### Problem details
Starting at the line with "Sterling Silver Pavé" and stopping at the final line, retype the data below exactly; do not carry over any pictures.

### Data shown
___

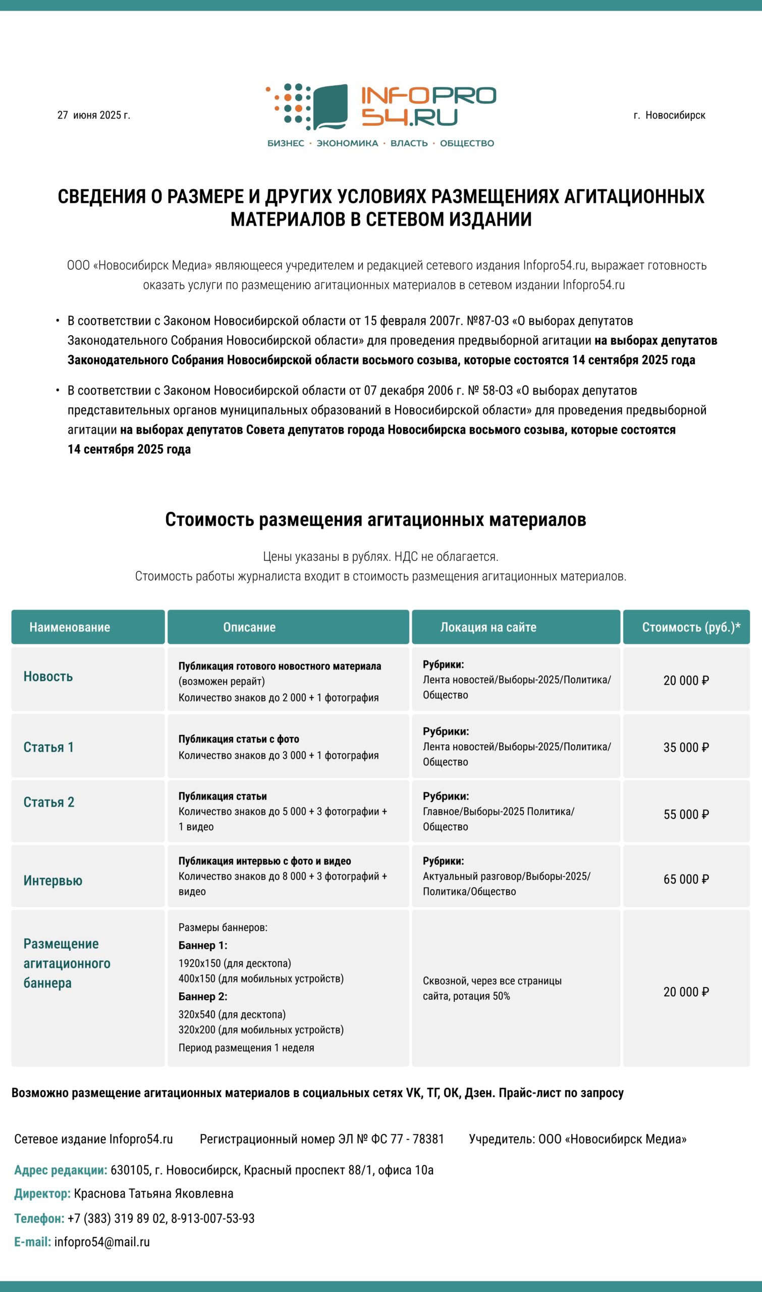 Infopro54.ru — информационно-аналитическое, сетевое издание. Регистрационный номер СМИ: ЭЛ № ФС 77 – 78381 от 29.05.2020 г, выдано Федеральной службой по надзору в сфере связи, информационных технологий и массовых коммуникаций (Роскомнадзор). Учредитель: Общество с ограниченной ответственностью «Новосибирск Медиа» Infopro54.ru - Новости Новосибирска и Новосибирской области. Новости Сибири.
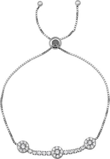 Sterling Silver Pavé Cubic Zirconia Station Slider Bracelet
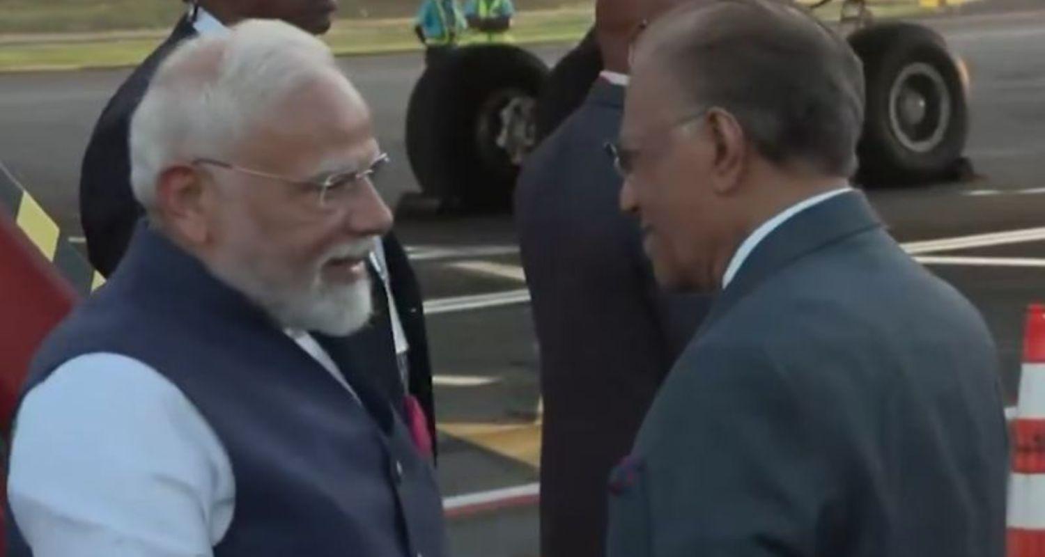 Prime Minister Narendra Modi being welcomed by his Mauritius counterpart Navin Ramgoolam, on his arrival in the island nation on Tuesday - Image via X.

___

### Response box
 Sterling Silver Pavé Cubic Zirconia Station Slider Bracelet
 Prime Minister Narendra Modi being welcomed by his Mauritius counterpart Navin Ramgoolam, on his arrival in the island nation on Tuesday - Image via X.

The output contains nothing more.